A follow-up to our automation journey, where we integrate AI-powered code reviews directly into our CI/CD pipelines, and discover that Gemini is a much better conversation partner than a rubber duck.
In my previous article, I shared how we built an ECS deployment notification system. That was one of the first steps in my return to hands-on infrastructure work at Wishew, with the goal of improving automation processes. But notifications are just the beginning. The real objective is to create a development ecosystem that is as efficient, consistent, and automated as possible, allowing the team to focus on what truly matters: writing quality code.
Now, I want to share another chapter in this journey: how we transformed our GitLab CI pipelines from simple build and test runners into true development assistants, leveraging the power of reusable templates and, most importantly, integrating a code reviewer based on Google’s Gemini AI.
The Foundation: GitLab CI Templates
Let me start with something that might sound boring but is actually game-changing: GitLab CI Templates.
When I started focusing on our automation processes at Wishew, the CI/CD landscape was fragmented. Our backend services used GitLab CI, while our mobile apps were built on CircleCI. As we planned to introduce new, standardized features across all projects, like the AI code reviewer this article is about, we faced a choice: either build the same logic multiple times on different platforms, or create a unified foundation.
To me, the path forward was clear.
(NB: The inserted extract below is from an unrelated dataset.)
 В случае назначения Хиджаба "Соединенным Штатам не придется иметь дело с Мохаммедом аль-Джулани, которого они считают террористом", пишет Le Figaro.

We decided to do things the right way from the start. For any new, shared CI/CD logic, we would standardize on GitLab and leverage its powerful template engine. We created a central repository, automation/ci-templates, to host all our standardized logic. Think of it as a library of reusable pipeline components that any project can include and use
Why This Matters
This approach gives us some serious advantages:
- Consistency: All projects use the same, battle-tested procedures. No more “but it works in the iOS project” mysteries.
- Maintainability: Need to fix a bug or add a feature? Change it once in the template, and it automatically propagates to all projects that use it.
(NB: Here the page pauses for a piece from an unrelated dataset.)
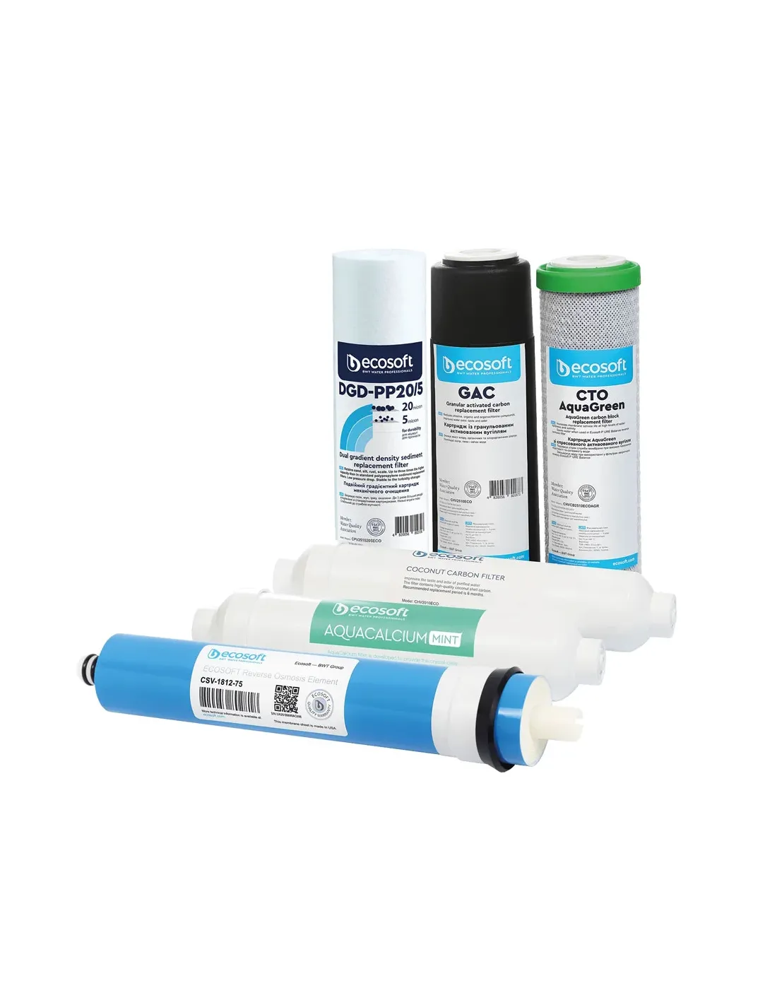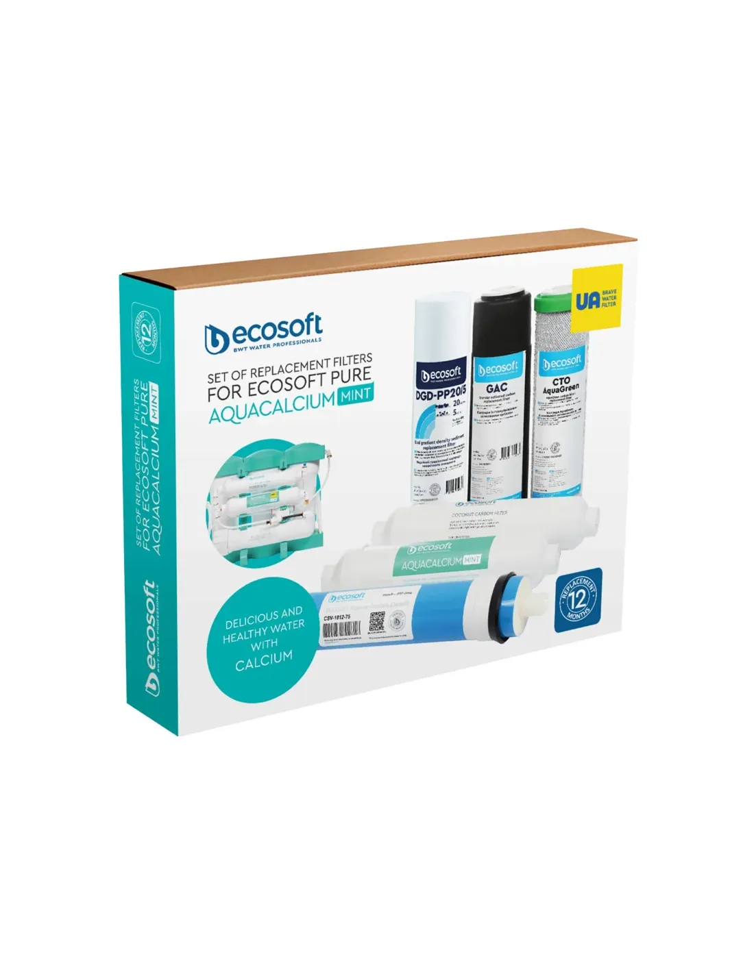 Комплект картриджів Ecosoft P`URE AquaCalcium складається із шести стадій очищення: 1-а стадія: механічний фільтр 20/5 мкм із пінного поліпропілену — видаляє пісок, іржу, мул та інші тверді частинки. 2-я стадія: гранульоване активоване вугілля GAC - усуває хлор, органіку, сторонні запахи та смак. 3-я стадія: брикетоване вугілля AquaSpring – видаляє хлорорганічні сполуки та знижує концентрацію важких металів. 4-я стадія: мембранний елемент - основний компонент фільтра зворотного осмосу, що видаляє розчинені солі, органічні речовини, важкі метали, бактерії та віруси. 5-та стадія: постфільтр – покращує смак і доочищує воду. 6-та стадія: мінералізатор AquaCalcium – насичує воду кальцієм і робить її смак м`яким та приємним. Заміна комплекту картриджів повинна проводитись кожні 12 місяців. Фактичний термін служби залежить від якості вихідної води.

- Reusability: Complex logic, like interacting with external APIs or setting up deployment notifications, is written once and reused everywhere.
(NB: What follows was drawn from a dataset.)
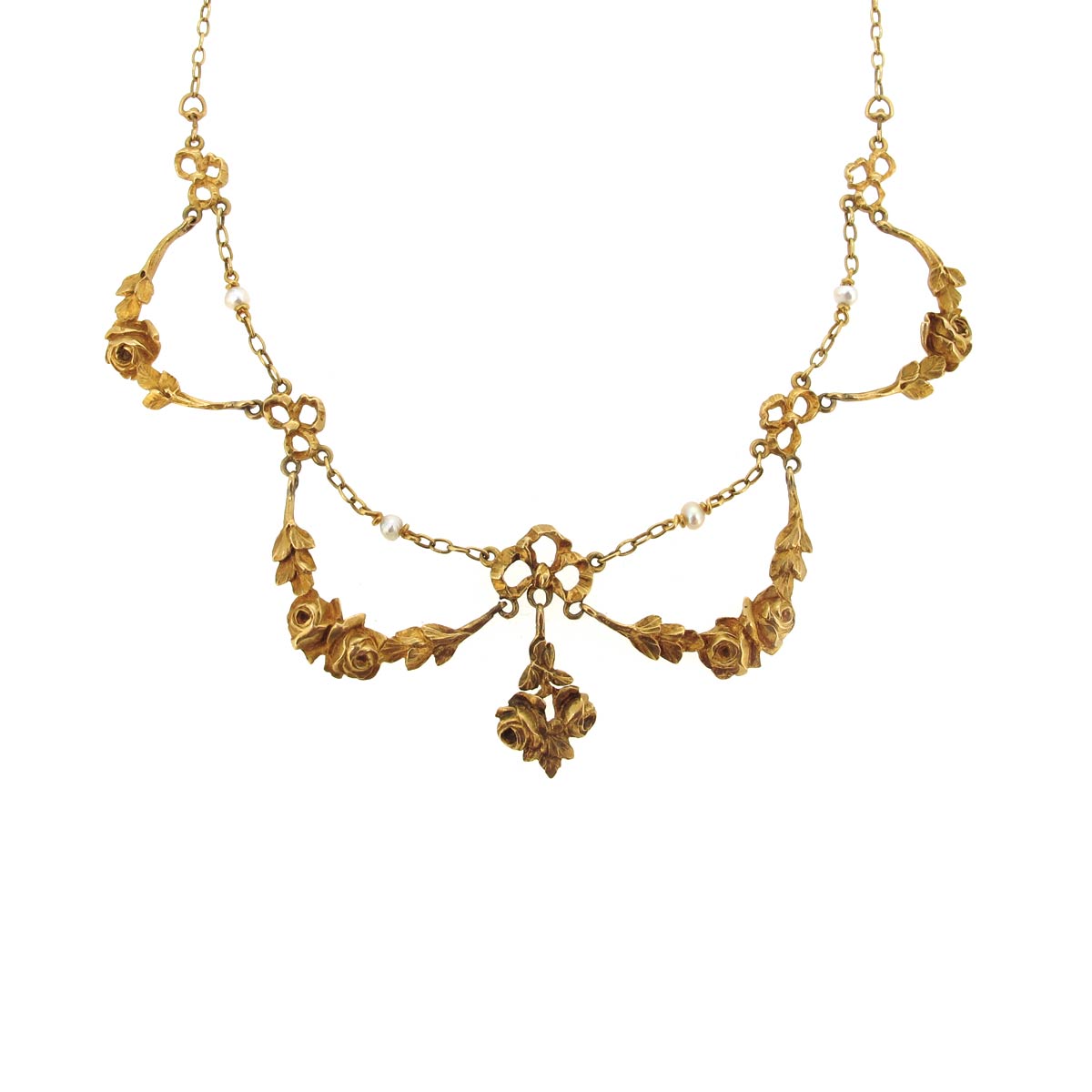 Antique Art Nouveau/ Belle Époque 18 carat gold & seed pearl necklace. Length 17.5″, weight 16.36g.

- Experimentation: Want to try a new tool or approach? Test it in one template without touching every project’s pipeline.
How It Works in Practice
Using a template is incredibly simple. A project just needs to include it in its .gitlab-ci.yml:
# .gitlab-ci.yml in an application project
include:
# Always include Gemini code review
- project: "wishew/automation/ci-templates"
ref: main
file: "/gemini-review.yml"
stages:
- review
That’s it. Three lines of code, and your project now has AI-powered code reviews. Want to add security scanning? Include another template. Need deployment notifications? Another include statement.
Simple, clean, and powerful. This template system became the foundation for everything else we built, including our AI code reviewer.
Gemini: Our AI Code Reviewer
Code review is an essential activity, but let’s be honest: it’s also time-consuming and sometimes tedious. To make it faster and more objective, we decided to integrate an AI agent directly into our pipeline. Whenever a Merge Request (MR) is opened, a specific job analyzes the changes and leaves precise comments, just like a human reviewer would, but without the coffee breaks.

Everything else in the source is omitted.